The tube in the videos is a JJ ECC82 / 12AU7. I’ve also tried an Electro-Harmonix 12AU7 and a Tung-Sol 12AU7, with similar results, and 12AX7’s from Electro-Harmonix and Tung-Sol, which yielded much higher gain. That could be nice if you want tube bass fuzz.

The power transformer SKU is TR-PW-13. I get them from TubeDepot. Their website has a data sheet for it. It can drive a single tube, with ~= 200VDC/5mA at the secondaries (not center-tapped) and 6.3V/300mA for the filaments (center-tapped).

The RC-filter board uses F&T electrolytic capacitors for smoothing the oscillating AC into a useable DC voltage. They’re pricey but I like them.
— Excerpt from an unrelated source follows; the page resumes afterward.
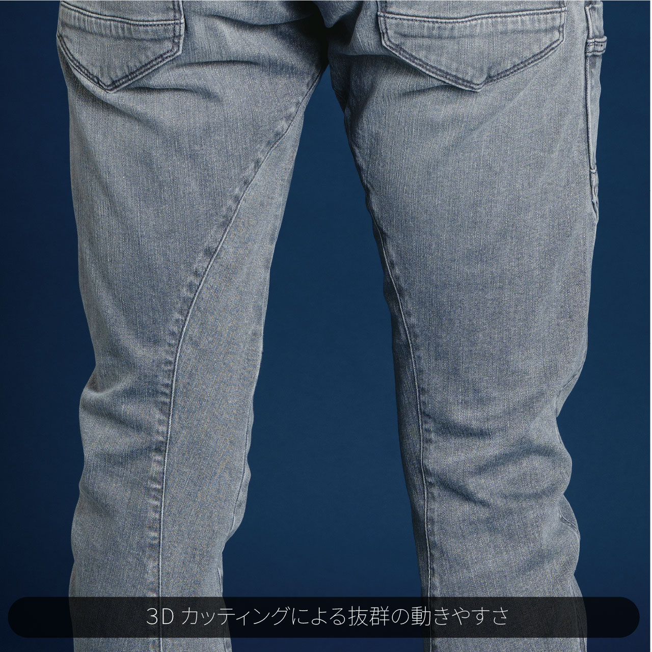 ▶現代におけるスタイリッシュを再定義し生み出された最新シルエットを誇るスト レッチデニムワークウェア。個人ユースのみならず、企業等のチームユニフォーム としてもその真価を遺憾なく発揮します。

I get them from TubeDepot or Amplified Parts.

The AC switch assembly came from someone who sells on Amazon. There are many similar listings but not all are appropriate for this project. The fuse is worked into the unit. Separate components for the plug, the switch, and the fuse would also suffice. This sort of mousetrap should always be fused. And there should always be an Earth ground, distinct from any other ground points (see schematic and photos).

Most resistors are Vishay 2-Watt metal-film. I like them better than 1/2-Watt. I get them from Mouser.

Most nonpolar capacitors are WIMA, also from Mouser. The larger ones are in positions where a higher DC tolerance (> 100V) is required.

The tube socket is from TubeDepot, SKU SK-9PINPC2.

The enclosure is a Hammond 1590D.

The PCB standoff posts usually come from Angela Instruments. The RC-filter PCB has 1/4-inch standoffs and the ones for the main board are 1-1/2 inches, to make room for the pots and the 1/4″ jacks.